During May 1972, over 100 prominent southern Protestants published an open letter to Ulster Unionists in which they stressed they had 'every opportunity (to) play a full part in the affairs of the community'. They also asserted that in the Republic, 'Protestants hold positions of importance and trust at least in proportion to their fraction of the population'. Some have argued the Northern Irish conflict fostered understanding between Protestants and Catholics in the Republic. In fact, the eruption of violence after 1969 saw the re-emergence of old suspicions and resentments which produced fear and occasionally violence. Though expression of such prejudices was widely condemned, they were reminders of an element in Irish nationalism that never accepted Protestants as truly 'Irish'. Similarly, there were also those Protestants in the Republic who had remained 'loyalist' long after independence and whose politics were also a factor in border areas.
In February 1981, Raidió Teleifís Éireann (RTE) screened the final episode of Robert Kee's Ireland: A Television History.
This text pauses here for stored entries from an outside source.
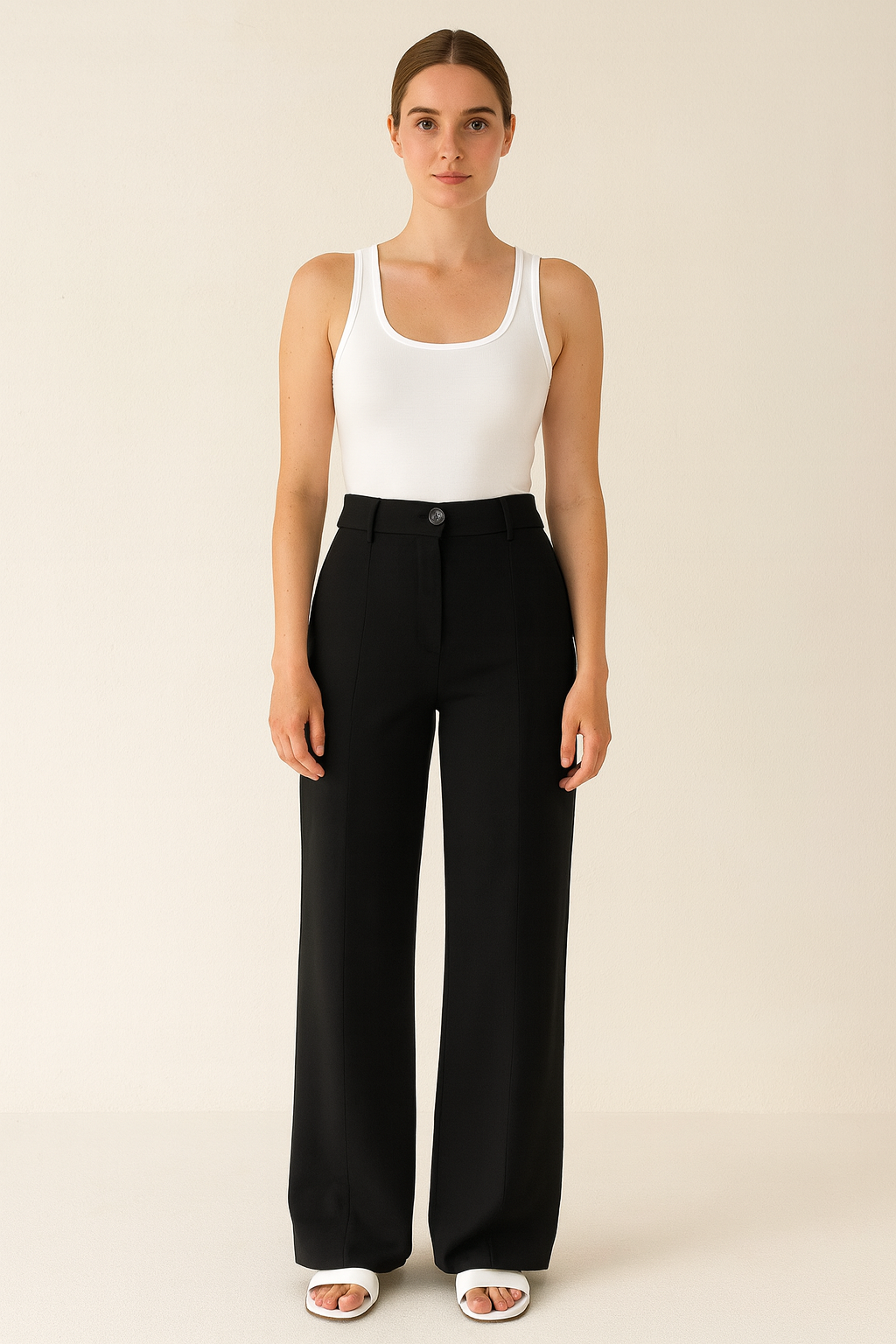 L'indispensable à avoir dans sa garde robe. Ce pantalon élégant 100% laine se porte pour toutes occasions.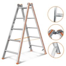 - Falt- und Faltoptionen werden meistens aus Holz hergestellt. Obwohl es Metallmodelle gibt. Die hölzerne Klappleiter gibt angenehmere Tastempfindungen. Der Baum selbst ist ziemlich warm, so dass Sie das Design auch ohne Schuhe verwenden können.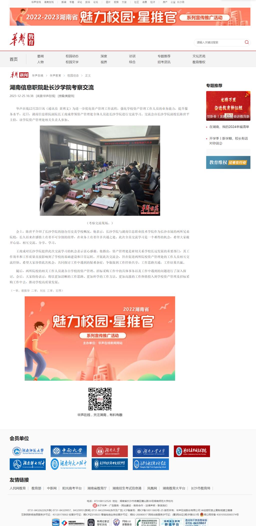 12月25日,华声在线发布《湖南信息职院赴长沙学院考察交流》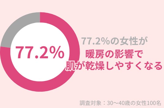 調査の結果、77.2%の30代女性がエアコン暖房の影響で肌が乾燥しやすくなるようです。冬は湿度も低く、乾燥肌が気になりやすくなります。室内に関しても、エアコン暖房を使用すると、肌が乾燥しやすくなります。エアコン暖房は水蒸気を発生させずに、直接空気を温めるため、相対湿度を著しく低下させるのです。室内でエアコン暖房を使用する際は、加湿器を使用したり、室内に濡れたタオルを干したりすることで湿度の低下を防ぎましょう。

It featured an interview with Dubliner Vinny Byrne, a veteran of Michael Collin's 'Squad'. After 1972, the IRA's bombing offensive proved far harder for people to endorse. Sligo Fianna Fáil councillor Tom Deignan moved a motion of sympathy for the relatives of local IRA volunteer Kevin Coen, describing him as having been 'killed by British forces not the first Irishman to be killed by them'. The killing of female cleaning staff was perceived as having robbed Ireland of a moral superiority over the British; the 'dead of Derry dishonoured'. In Magill, Vincent Browne asserted that the 'killing of a 79-year-old man, who has had no personal involvement in the Northern Ireland issue, simply because of his family connections, is unjustifiable in any circumstances'.